State v. Phinney

122 P.3d 356, 280 Kan. 394, 2005 Kan. LEXIS 773
CourtSupreme Court of Kansas
DecidedNovember 10, 2005
Docket90,639, 91,068
StatusPublished
Cited by46 cases

This text of 122 P.3d 356 (State v. Phinney) is published on Counsel Stack Legal Research, covering Supreme Court of Kansas primary law. Counsel Stack provides free access to over 12 million legal documents including statutes, case law, regulations, and constitutions.

Bluebook
State v. Phinney, 122 P.3d 356, 280 Kan. 394, 2005 Kan. LEXIS 773 (kan 2005).

Opinion

The opinion of the court was delivered by

Allegrucci, J.:

Defendant Justin E. Phinney pled no contest to possession of pseudoephedrine and brings both an appeal from the district court’s denial of his motion to reduce sentence and, pursuant to State v. Ortiz, 230 Kan. 733, 640 P.2d 1255 (1982), an out-of-time direct appeal of his sentence. He argues he should be resentenced under the identical offense doctrine as applied in State *396 v. Frazier, 30 Kan. App. 2d 398, 42 P.3d 188, rev. denied 274 Kan. 1115 (2002). The Court of Appeals affirmed the district court in an unpublished opinion filed July 9, 2004, and we granted Phinney s petition for review.

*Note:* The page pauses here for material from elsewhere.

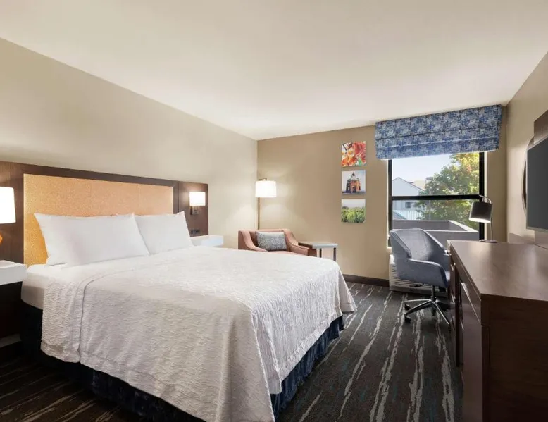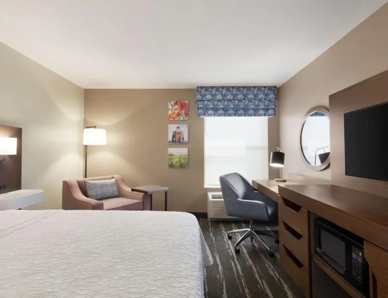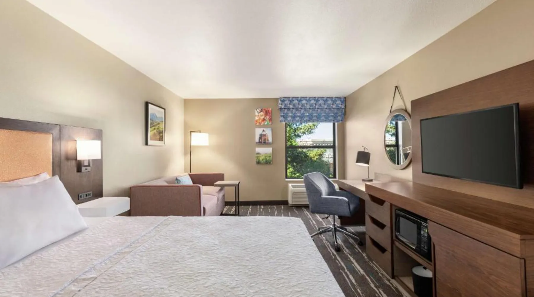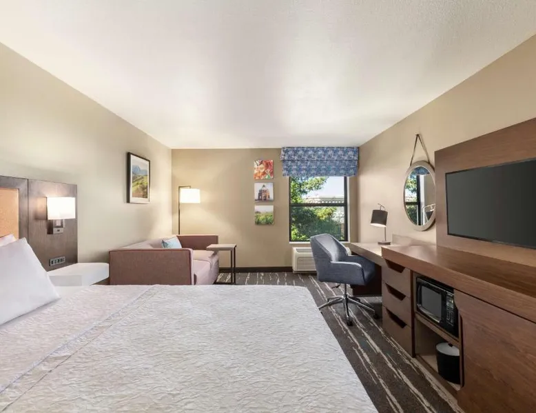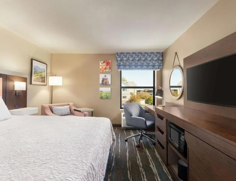 Comfortable Accommodations: Hampton Inn Tracy in Tracy offers family rooms with air-conditioning, free WiFi, and amenities such as a fitness center, elevator, 24-hour front desk, business area, and paid on-site private parking. Convenient Facilities: Guests can enjoy a fitness room, work desk, free toiletries, microwave, shower, TV, and sofa bed. The hotel provides an American breakfast and is 21 mi from Stockton Metropolitan Airport. Prime Location: Located 25 mi from University of the Pacific, 17 mi from Newport Casino, 28 mi from Lone Tree Golf Course, and 31 mi from Alameda County Fairgrounds. Guests appreciate the attentive staff and excellent service. This room includes a sofa bed, microwave and refrigerator.

Phinney was charged with four drug-related violations, stemming from offenses occurring July 10, 2001. Counsel was appointed. At the preliminary hearing on December 14, 2001, the State agreed to dismiss Counts 2 through 4 and to recommend probation in exchange for Phinney s plea of no contest to the remaining count of possession or sale of ephedrine, pseudoephedrine, or phenylpropanolamine, in violation of K.S.A. 2001 Supp. 65-7006, a drug severity level 1 felony.

On February 7, 2002, Phinney received the standard 150-month prison sentence, with a dispositional departure to 36 months’ probation. Phinney did not file a notice of appeal.

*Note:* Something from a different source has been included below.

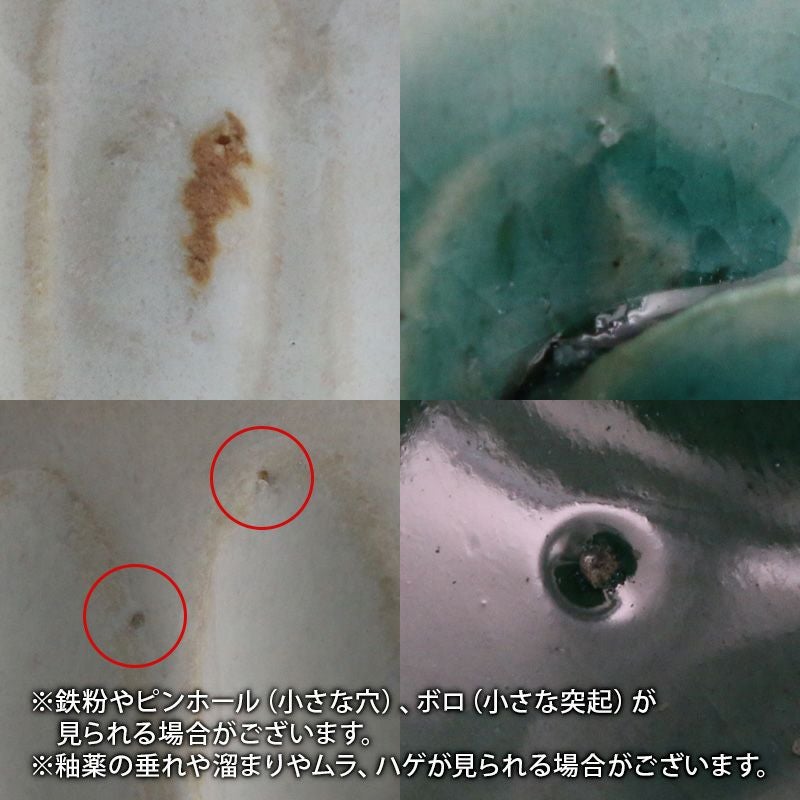 | 注意事項 | ※サイズは全て外寸になります。 ※サイズ・重さなどは商品により誤差があります。 ご注意 ※鉄粉やピンホール(小さな穴)、ボロ(小さな突起)が見られる場合がございます。 ※釉薬の垂れや溜まりやムラ、ハゲが見られる場合がございます。 ※貫入青釉はヒビを装飾に用いた「貫入」が表面に入っております。 ※お客様のお使いのモニター設定、お部屋の照明等により実際の商品と色味が異なって見える場合がございます。 ※画像に含まれる小物は使用イメージのために使用しています。 ※不明な点がございましたら、お気軽にお問い合わせ下さい。 |

On March 15, 2002, the Court of Appeals decided State v. Frazier, 30 Kan. App. 2d 398, holding that possession of pseudoephedrine, under K.S.A. 2001 Supp. 65-7006(a), and possession of drug paraphernalia, under K.S.A. 2001 Supp. 65-4152 (a)(3), are identical crimes, and a defendant convicted under 65-7006(a) may be sentenced only under the lesser penalty provision of 65-4152.

In November 2002, Phinney violated his probation; new counsel was appointed for Phinney, and probation revocation proceedings began. Phinney moved the district court to reduce his sentence from a severity level 1 felony to a severity level 4 felony based on the decision in Frazier.

On December 20, 2002, the district court denied Phinney’s motion, ruling that “[n]othing in the Frazier case . . . makes it retroactive.” The court revoked Phinney’s probation and ordered him to serve the original 150-month sentence.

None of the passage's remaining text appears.